Stored records:
# # #

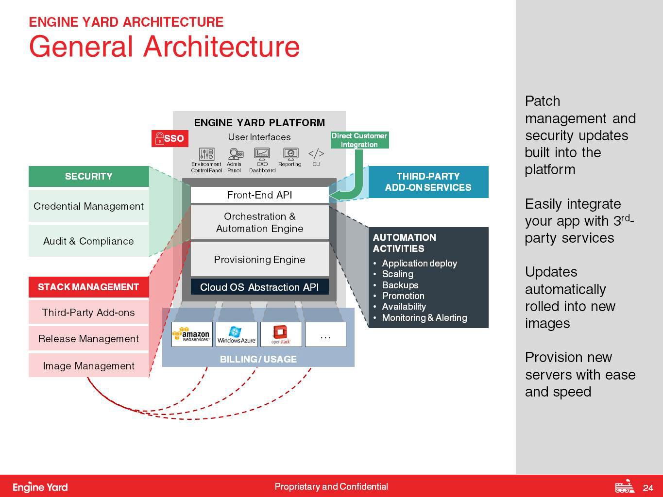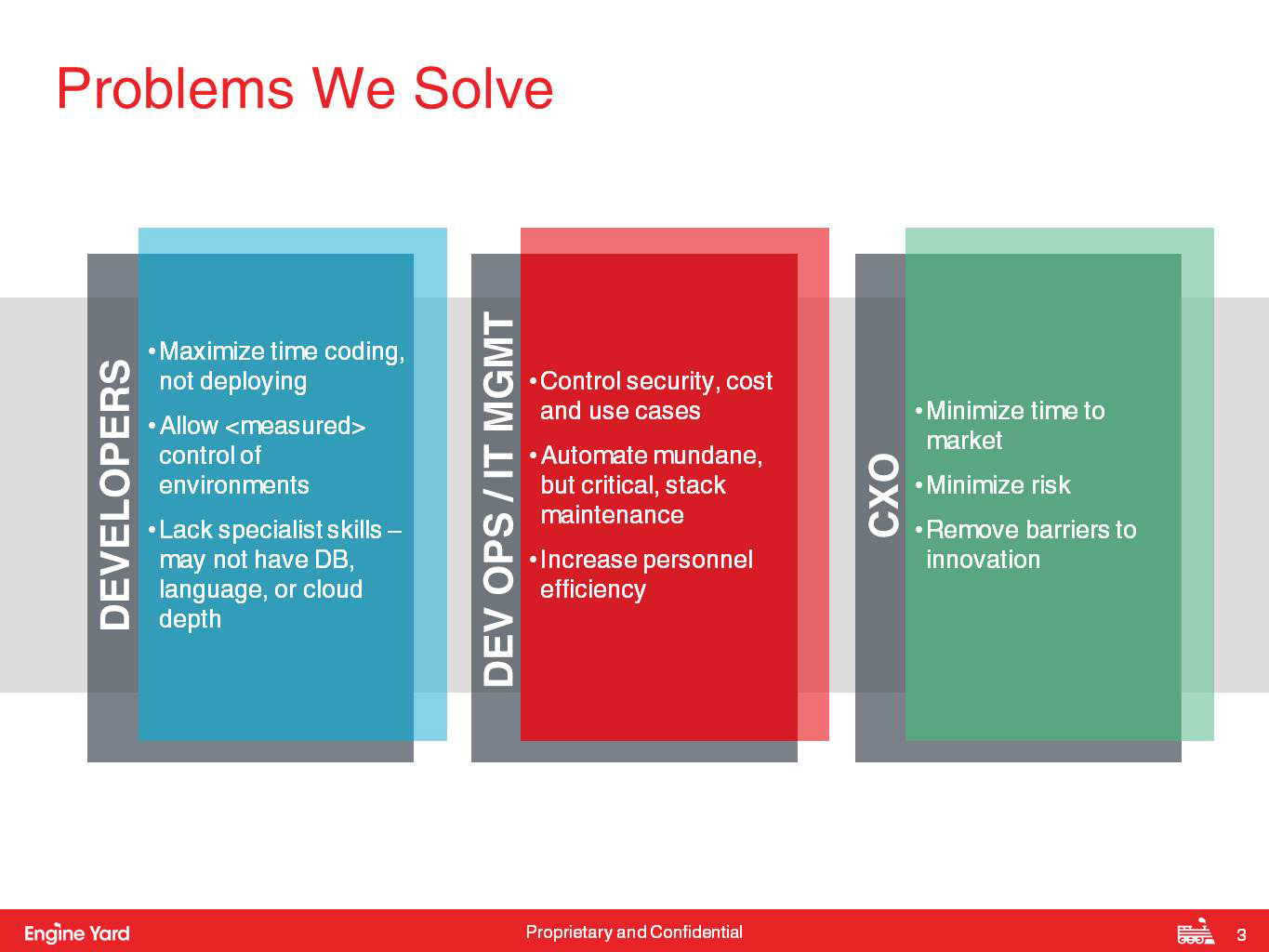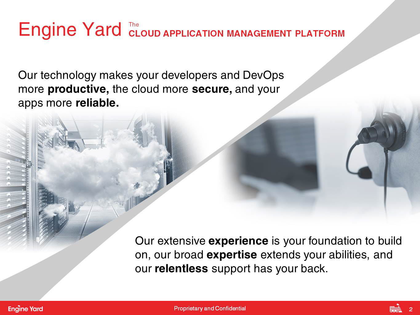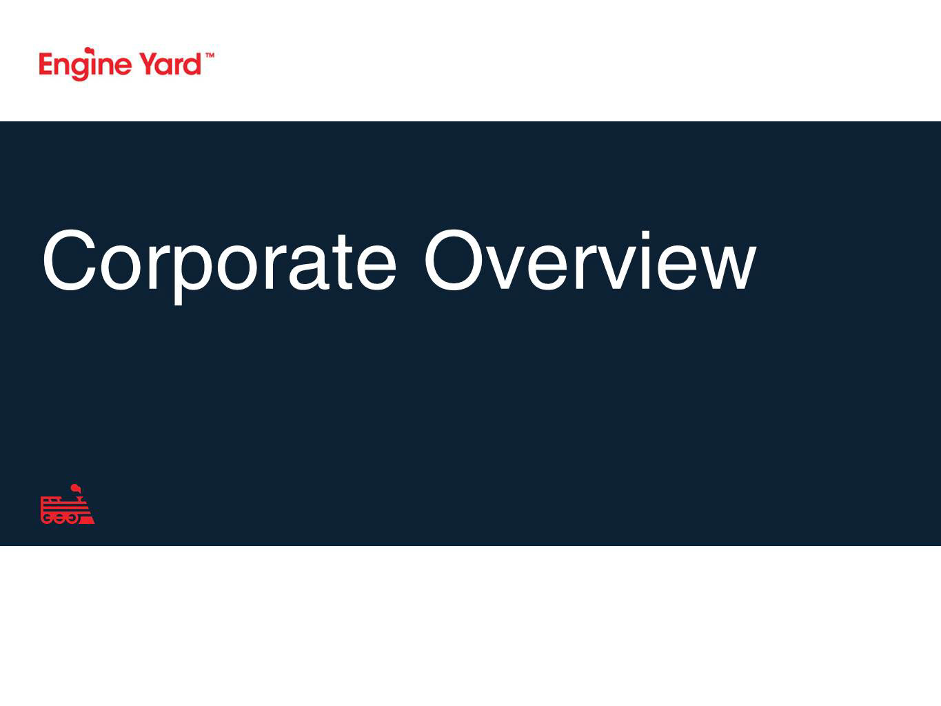 Engine Yard is a startup in the PaaS (Platform-as-a-Service) arena that recently completed their identity system. In conjunction with their new look and feel, they needed a presentation template and Corporate Overview presentation that would let viewers know what they were all about while firmly establishing their newly-adopted visual identity. The Engine Yard look and feel is clean, crisp and on trend, using a bright primary color palette. They already had an icon library, but other than that there weren't many graphic examples within the new system. I set up the PowerPoint template for them with several layout options, defining fonts, color choices, and graphic treatments. The first presentation to use the template is the Corporate Overview shown here; I used it to help further define how colors and shapes are used within the identity system to define information hierarchies and clearly communicate concepts to the viewer.
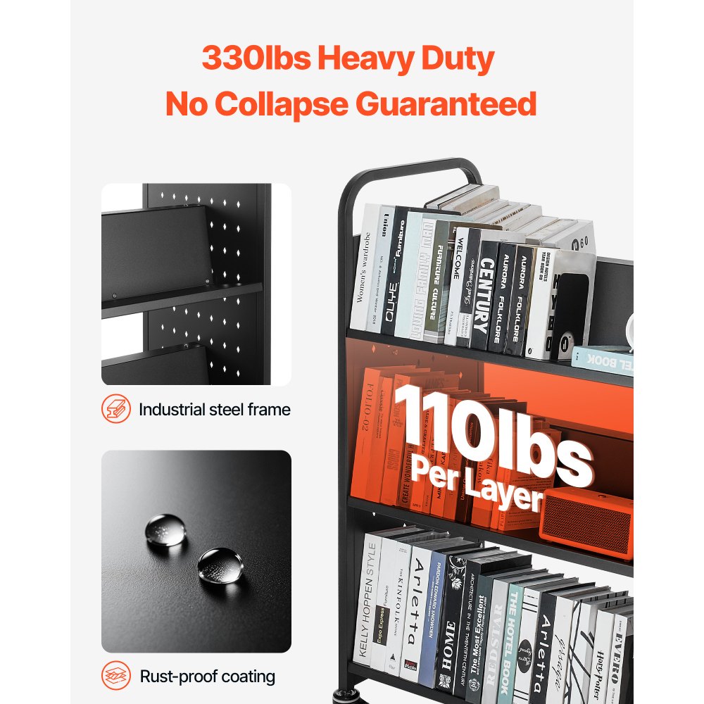Εξαιρετικά μεγάλη χωρητικότητα: Αυτό το καρότσι βιβλίων 3 επιπέδων με ράφια ύψους 14,14 ιντσών χωράει πολλά βιβλία ή είδη γραφείου! Είναι επίσης εξοπλισμένο με πλαϊνά διαμερίσματα για φακέλους/tablets A4—ιδανικά για βιβλιοθήκες, οικιακή χρήση και πολλά άλλα. Σταθερή αντοχή σε φορτίο: Κατασκευασμένο από ανθρακούχο χάλυβα υψηλής αντοχής, κάθε στρώμα του κυλιόμενου καροτσιού βιβλίων υποστηρίζει βάρος 50 κιλών, με συνολική χωρητικότητα 150 κιλών. Η επίστρωση που είναι ανθεκτική στη σκουριά εξασφαλίζει ανθεκτικότητα, ιδανική για βαριά βιβλία ή εξοπλισμό. Αθόρυβη κίνηση: Οι αθόρυβες περιστρεφόμενες ρόδες TPR γλιστρούν ομαλά και δύο διαθέτουν λειτουργία κλειδώματος για ασφαλή τοποθέτηση. Μετακινήστε το βιβλιοθηκάριο χωρίς κόπο πάνω σε ξύλινα ή πλακάκια δαπέδου χωρίς να ενοχλείτε κανέναν - ιδανικό για βιβλιοθήκες ή χρήση τη νύχτα. Γρήγορη εγκατάσταση: Δεν χρειάζονται πολύπλοκα εργαλεία! Το καρότσι βιβλίων της βιβλιοθήκης συναρμολογείται εύκολα με προ-τρυπημένες τρύπες, ώστε να είναι έτοιμο σε χρόνο μηδέν. Περιλαμβάνει οδηγό εγκατάστασης και επιπλέον βίδες για την ευκολία σας. Ευέλικτη χρήση: Ιδανικό για τον ανεφοδιασμό βιβλιοθήκης, τη μεταφορά σχολικών ειδών, τη διανομή εγγράφων γραφείου ή την οργάνωση βιβλίων και αντικειμένων στο σπίτι. Αυτό το κυλιόμενο ράφι βιβλίων είναι η ιδανική λύση για τις ανάγκες της εργασίας και του σπιτιού.
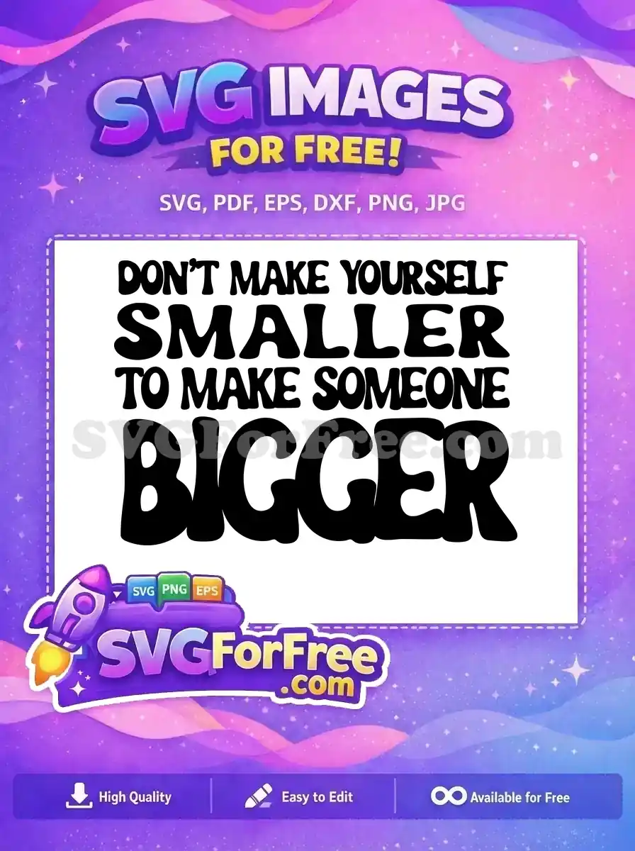 A free design that states ‘DON’T MAKE YOURSELF SMALLER TO MAKE SOMEONE BIGGER’ with emphasized keywords.
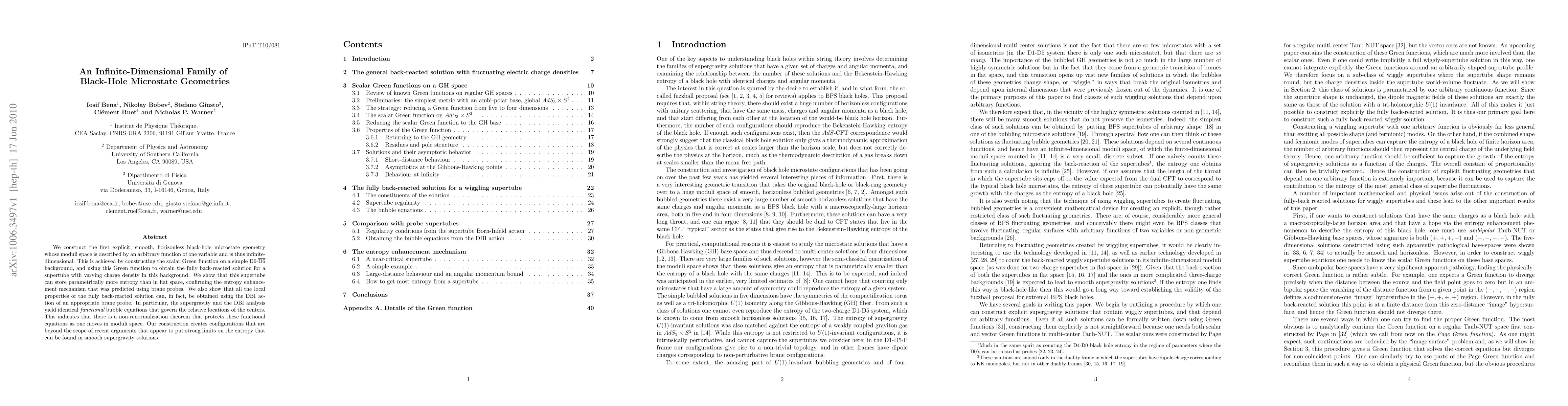 We construct the first explicit, smooth, horizonless black-hole microstate geometry whose moduli space is described by an arbitrary function of one variable and is thus infinite-dimensional. This is achieved by constructing the scalar Green function on a simple D6 anti-D6 background, and using this Green function to obtain the fully back-reacted solution for a supertube with varying charge density in this background. We show that this supertube can store parametrically more entropy than in flat space, confirming the entropy enhancement mechanism that was predicted using brane probes. We also show that all the local properties of the fully back-reacted solution can, in fact, be obtained using the DBI action of an appropriate brane probe. In particular, the supergravity and the DBI analysis yield identical functional bubble equations that govern the relative locations of the centers. This indicates that there is a non-renormalization theorem that protects these functional equations as one moves in moduli space. Our construction creates configurations that are beyond the scope of recent arguments that appear to put strong limits on the entropy that can be found in smooth supergravity solutions.
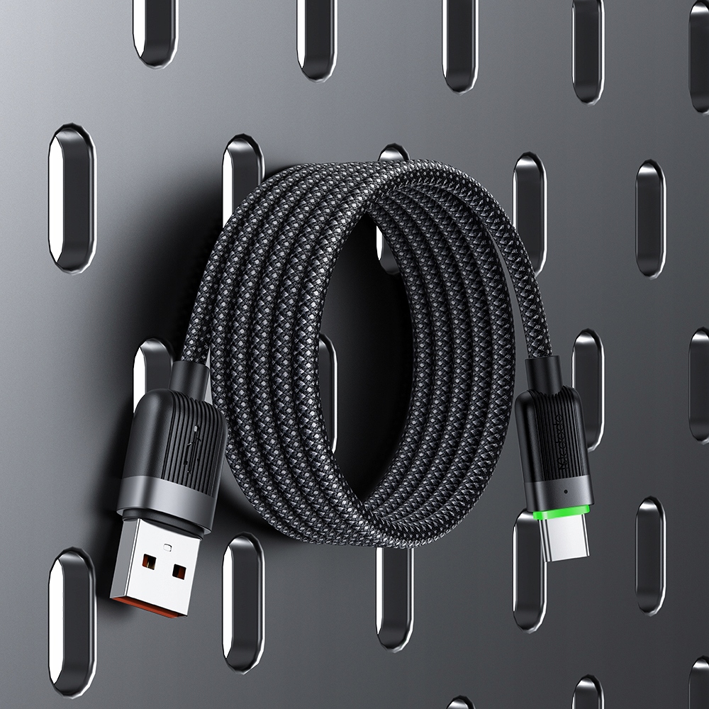 Kabel został wyposażony w wbudowane magnesy, które automatycznie zwijają go w schludną formę, eliminując plątanie. To wyjątkowo praktyczne rozwiązanie, które pozwala na wygodne przechowywanie i porządek na biurku lub w torbie.
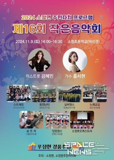 스페이스뉴스 스페이스뉴스 기자 | 세종특별자치시 소정면 주민자치회가 오는 9일 ‘제16회 소정면 작은음악회’를 소정초등학교 덕성관에서 개최한다.
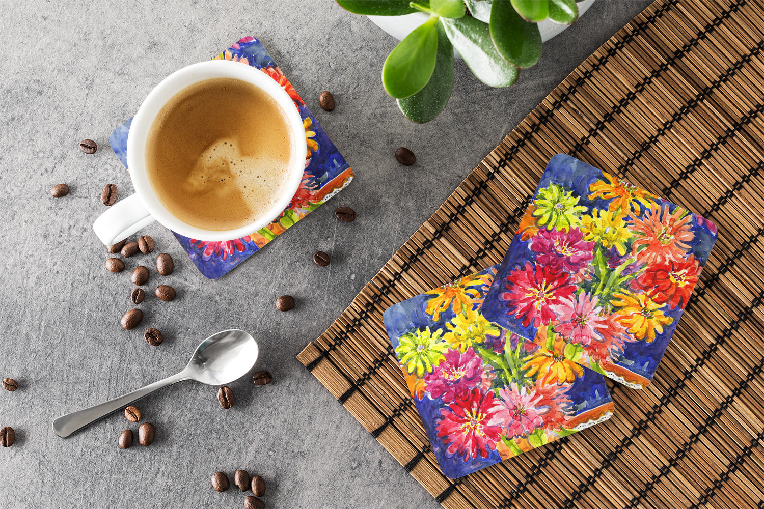 Presenting our Set of 4 Foam Coasters, a stylish and practical addition to your table setting. Each square coaster, measuring 3 1/2 inches by 3 1/2 inches, is perfectly sized to accommodate various drinkware, from coffee mugs to tumblers. These coasters stand out with their full-color artwork, permanently dyed onto the material for a vibrant and fade-resistant finish. They're not just functional, they're a fashionable statement, adding a touch of flair to any gathering or event. Our foam coasters serve a dual purpose - they protect your table from water stains and are perfect for both hot and cold drinks. The material used is similar to that of our high-quality mouse pads, ensuring durability and heat resistance. These coasters are easy to maintain - simply wash them in the top of your dishwasher and lay flat to dry. The design won't come off, ensuring they retain their vivid colors for years. Pair them with one of our insulated coolers or huggers for a cohesive, thoughtful gift set. Enhance your beverage experience with our Set of 4 Foam Coasters.

# # #

What you will do:
Find the line containing "스페이스뉴스 스페이스뉴스 기자", then extract it and every line after it to the end of the data above, exactly and nothing else, without pictures.

Result of this exercise:
 스페이스뉴스 스페이스뉴스 기자 | 세종특별자치시 소정면 주민자치회가 오는 9일 ‘제16회 소정면 작은음악회’를 소정초등학교 덕성관에서 개최한다.
 Presenting our Set of 4 Foam Coasters, a stylish and practical addition to your table setting. Each square coaster, measuring 3 1/2 inches by 3 1/2 inches, is perfectly sized to accommodate various drinkware, from coffee mugs to tumblers. These coasters stand out with their full-color artwork, permanently dyed onto the material for a vibrant and fade-resistant finish. They're not just functional, they're a fashionable statement, adding a touch of flair to any gathering or event. Our foam coasters serve a dual purpose - they protect your table from water stains and are perfect for both hot and cold drinks. The material used is similar to that of our high-quality mouse pads, ensuring durability and heat resistance. These coasters are easy to maintain - simply wash them in the top of your dishwasher and lay flat to dry. The design won't come off, ensuring they retain their vivid colors for years. Pair them with one of our insulated coolers or huggers for a cohesive, thoughtful gift set. Enhance your beverage experience with our Set of 4 Foam Coasters.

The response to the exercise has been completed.